> Available data
--------------------------------------------------
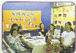
老師們正與內地老師進行教學研討。

本學年，本校繼續參加由聖文德書院舉辦的「普通話實驗課程」。舉辦該課程的目的是希望通過視像媒體進行遠程教學，加強學生普通話的能力。本校亦積極與國內教師進行教學交流，彼此分享教學心得。
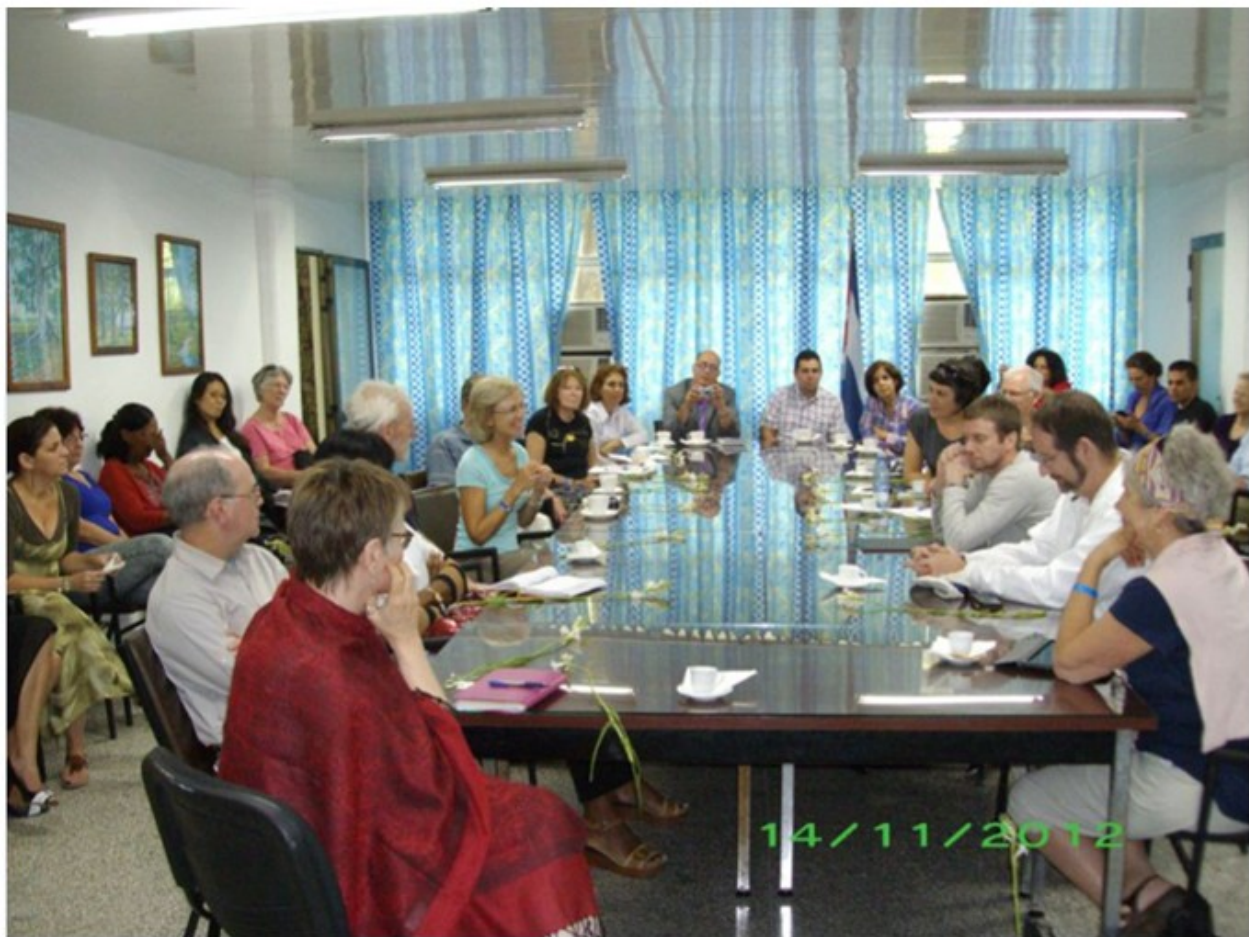
Fig. 5. Imagen del encuentro con importantes editores de revistas internacionales.
--------------------------------------------------
> Task requirements
Copy the data word for word. Pictures do not go in the copy.

> Response below
老師們正與內地老師進行教學研討。

本學年，本校繼續參加由聖文德書院舉辦的「普通話實驗課程」。舉辦該課程的目的是希望通過視像媒體進行遠程教學，加強學生普通話的能力。本校亦積極與國內教師進行教學交流，彼此分享教學心得。
Fig. 5. Imagen del encuentro con importantes editores de revistas internacionales.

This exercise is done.